Le choix du temps d’exposition s’est aussi fait en fonction de l’emploi du temps des animaux du refuge où s’est déroulée l’expérience. L’exposition a été faite de manière à ne pas se dérouler aux périodes où les animaux sont sortis pour une promenade ni lorsque leurs boxes sont nettoyés.

Ainsi, les résultats de cette étude montrent que les animaux, lorsqu’ils sont exposés à des odeurs de vanille, gingembre, noix de coco et valériane, sont plus calmes et moins stressés que lorsqu’ils ne sont exposés qu’au tissu seul.

Ce protocole représente donc une piste intéressante pour améliorer les conditions des animaux dans les refuges, notamment en diminuant leur stress .

Ce qui est d’autant plus marquant, c’est que ces résultats ont été observés aussi bien en l’absence qu’en présence de visiteurs dans le refuge. Ce point est donc intéressant pour le succès des adoptions.

Dans une revue publiée la même année, il est suggéré que les stimulations sensorielles apaisantes, d’ordre générale (olfactive et auditive principalement), pourraient présenter de nombreux avantages notamment durant la période de transition refuge – maison de l’adoptant.

L’utilisation de stimulus apaisant durant la période de transition entre le refuge et la maison de l’accueillant pourrait constituer une piste intéressante à explorer concernant le succès de l’adoption. Généralement, la première semaine d’adoption représente une période critique durant laquelle les chiens peuvent être renvoyé au refuge pour cause de destruction, vocalisation importante, hyper-vigilance etc..

Sans être complètement établi, car de nombreux points et questionnements restent encore en suspens quant à l’efficacité de ce type d’approche, notamment en raison du faible nombre d’étude sur le sujet, l’enrichissement olfactif représente aujourd’hui une piste intéressante et abordable en terme d’investissement économique et humain afin d’améliorer le bien-être des animaux en refuge.

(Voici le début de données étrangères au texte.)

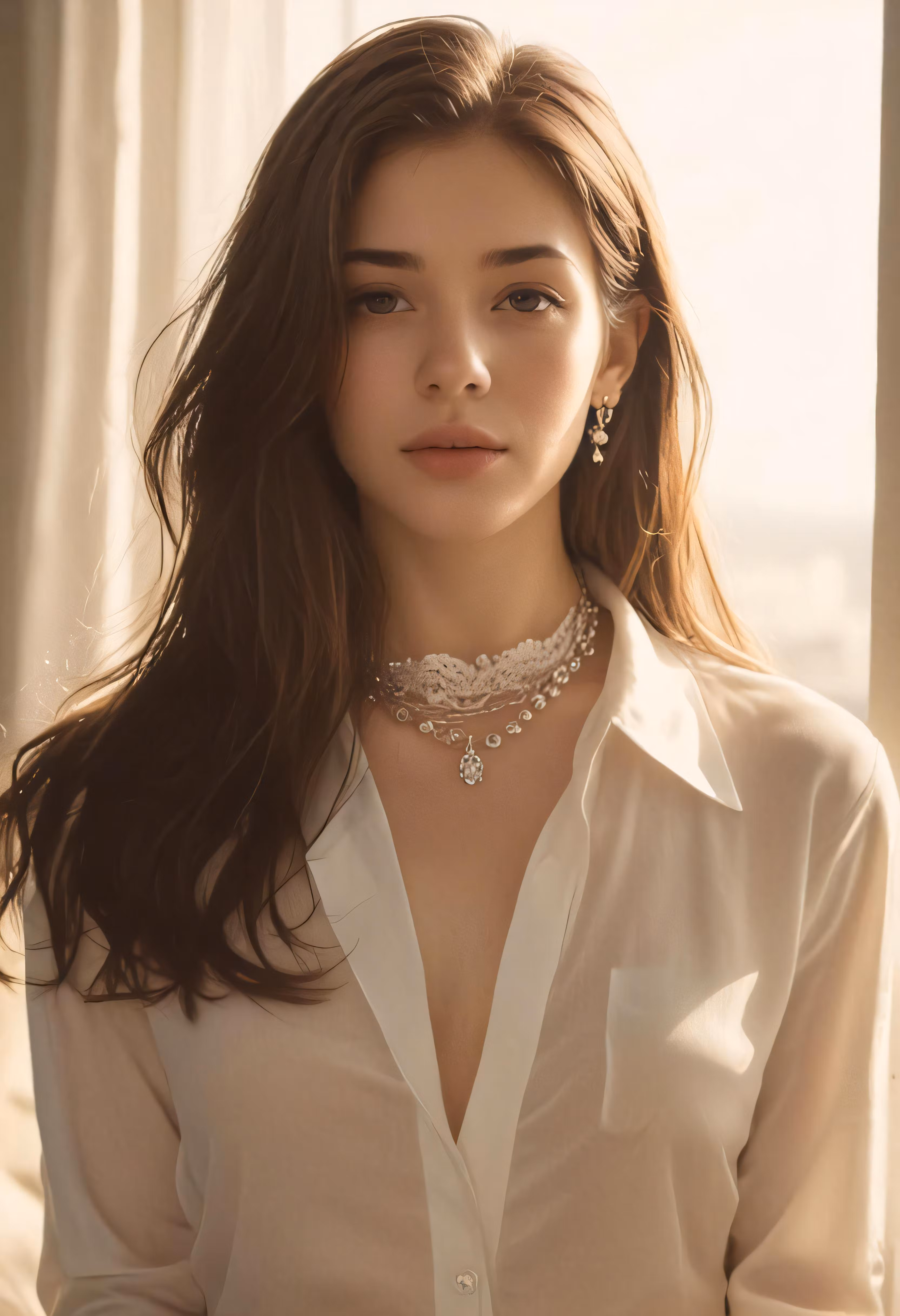 High resolution picture, free to use, a woman wearing jewelry standing in front of a window

Cependant, il reste important de vérifier les préférences de chacun avant d’intégrer une nouvelle odeur, car les goûts des uns ne font pas ceux des autres.

Bibliographie :

Lynne Graham, Deborah L.Wells and Peter G.Hepper, The influence of olfactory stimulation on the behaviour of dogs housed in a rescue shelter Applied Animal Behaviour Science, Applied Animal Behaviour Science 91 (2005) 143-153

Johnathan Binks, Sienna Taylor, Alison Wills, V. Tamara Montrose, The behavioural effects of olfactory stimulation on dogs at a rescue shelter, Applied Animal Behaviour Science 202 (2018) 69–76

Giacomo Riggio, A review on the effects of sensory stimulation in shleter dogs, Dog Bheavior, 2018-1, 25-35.